Background: The volume of health-related user-created content, especially hospital-related questions and answers in online health communities, has rapidly increased. Patients and caregivers participate in online community activities to share their experiences, exchange information, and ask about recommended or discredited hospitals. However, there is little research on how to identify hospital service quality automatically from the online communities. In the past, in-depth analysis of hospitals has used random sampling surveys. However, such surveys are becoming impractical owing to the rapidly increasing volume of online data and the diverse analysis requirements of related stakeholders.
Objective: As a solution for utilizing large-scale health-related information, we propose a novel approach to identify hospital service quality factors and overtime trends automatically from online health communities, especially hospital-related questions and answers.

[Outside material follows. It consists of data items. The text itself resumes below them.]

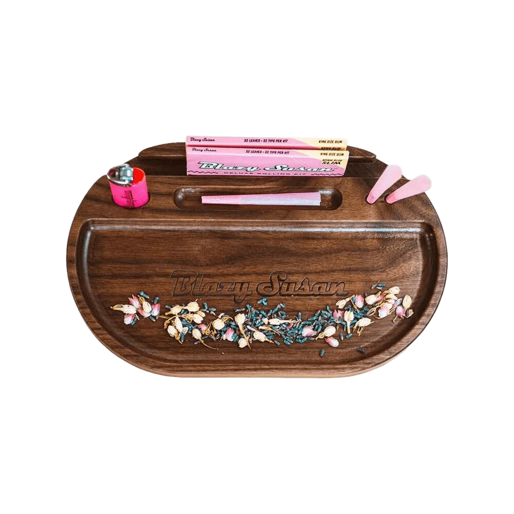Lleva tus sesiones a nuevas alturas con nuestra bandeja para enrollar más reciente: ¡la Charola Viajera de Madera Blazy Susan! Esta charola compacta vuela contigo a cualquier lugar y cabe fácilmente en tu bolso cuando estás en movimiento. ¡La Charola pequeña también encaja perfectamente en el centro de tu Blazy Susan! Con una ranura para tu encendedor y un gran soporte para conos, tendrás todo lo que necesitas para enrollar sobre la marcha.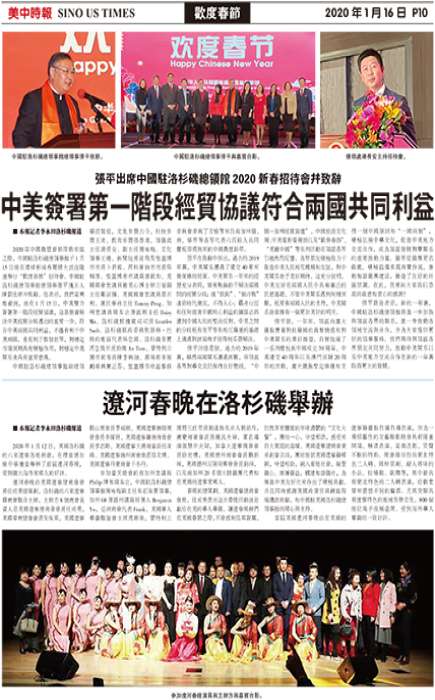 2020年中国农历春节即将来临之际,中国驻洛杉矶总领事馆于1月15日晚在环球影城希尔顿大酒店隆重举行“欢度春节”招待会。中国驻洛杉矶总领事馆总领事张平携夫人陈蔚出席并致辞。他表示,我们高兴地看到,就在1月15日,中美双方签署第一阶段经贸协议,这是朝着解决中美经贸分歧迈出的重要一步,符合中美两国共同利益,不仅有利于中美两国,也有利于整个世界,对稳定市场预期具有积极作用,对稳定中美关系也具有重要意义。中国驻洛杉矶总领事馆总领事张平致辞。侨领处汤长...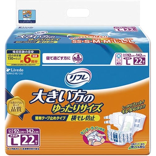大きめLサイズ、ヒップ92〜135cm。850ml吸収。消臭ポリマー採用で快適!22枚×3パック入り。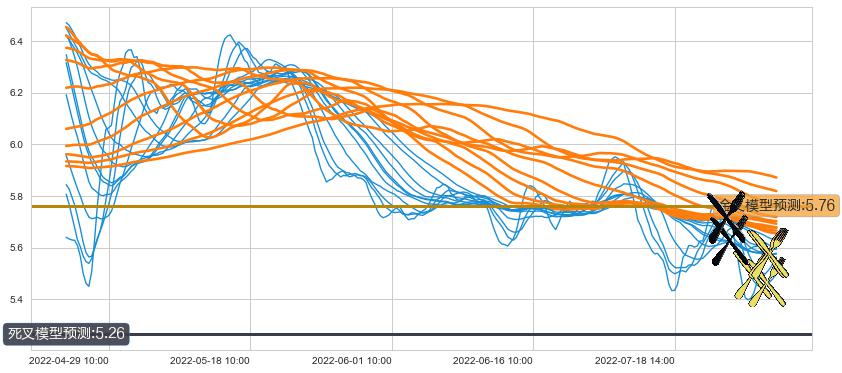 ➢ 60小时均线于(07-29 14:00: 5.72)形成【死叉】基于【死叉历史模型】预测死叉后最低波谷价格: 5.26, 死叉后最低价格5.34,尚未达到预测最低波谷价格, 预期继续下跌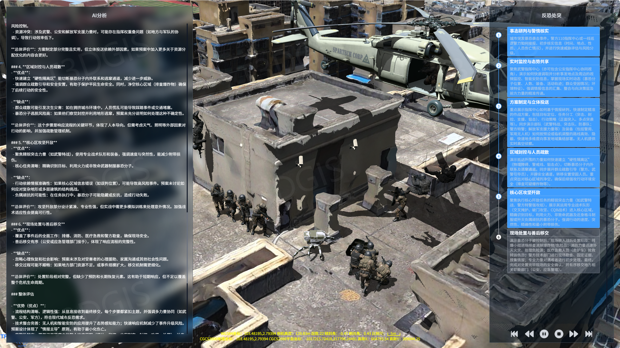 1、智能全域+推演演绎,完美契合AI分析和全流程推演功能。支持用户完成推演脚本撰写后,通过一键触发 AI 校验功能。系统基于预置算法模型与领域知识库,自动对脚本中的逻辑连贯性、数据合理性、场景匹配度、流程完整性等维度进行检测,精准定位漏洞点与优化方向,并生成可视化校验报告;为人员决策提供辅助。(建议最低可使用DeepSeek R1 8b;其硬件最低配置GPU4060 8G;内存16G)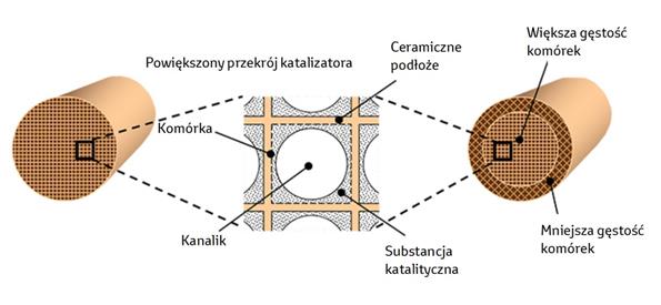 Obecnie najczęściej stosowanym podłożem katalizatorów spalin silników benzynowych jest materiał ceramiczny (kordieryt), ukształtowany w strukturę podobną do plastra miodu, z wielką liczbą podłużnych kanalików o przekroju sześciokątnym lub kwadratowym. Na ścianki kanalików naniesiona jest substancja katalityczna, taka jak platyna (Pt), rod (Rh), pallad (Pd) czy inne metale szlachetne. Ich obecność powoduje w wysokiej temperaturze reakcje katalityczne, w których szkodliwe gazy, takie jak tlenek węgla (CO) i niedopalone węglowodory (HC), są utleniane do dwutlenku węgla i wody, a tlenki azotu (NOx) są redukowane do nieszkodliwego azotu.

Methods: We defined social media-based key quality factors for hospitals. In addition, we developed text mining techniques to detect such factors that frequently occur in online health communities. After detecting these factors that represent qualitative aspects of hospitals, we applied a sentiment analysis to recognize the types of recommendations in messages posted within online health communities. Korea's two biggest online portals were used to test the effectiveness of detection of social media-based key quality factors for hospitals.
Results: To evaluate the proposed text mining techniques, we performed manual evaluations on the extraction and classification results, such as hospital name, service quality factors, and recommendation types using a random sample of messages (ie, 5.44% (9450/173,748) of the total messages). Service quality factor detection and hospital name extraction achieved average F1 scores of 91% and 78%, respectively. In terms of recommendation classification, performance (ie, precision) is 78% on average. Extraction and classification performance still has room for improvement, but the extraction results are applicable to more detailed analysis. Further analysis of the extracted information reveals that there are differences in the details of social media-based key quality factors for hospitals according to the regions in Korea, and the patterns of change seem to accurately reflect social events (eg, influenza epidemics).
Conclusions: These findings could be used to provide timely information to caregivers, hospital officials, and medical officials for health care policies.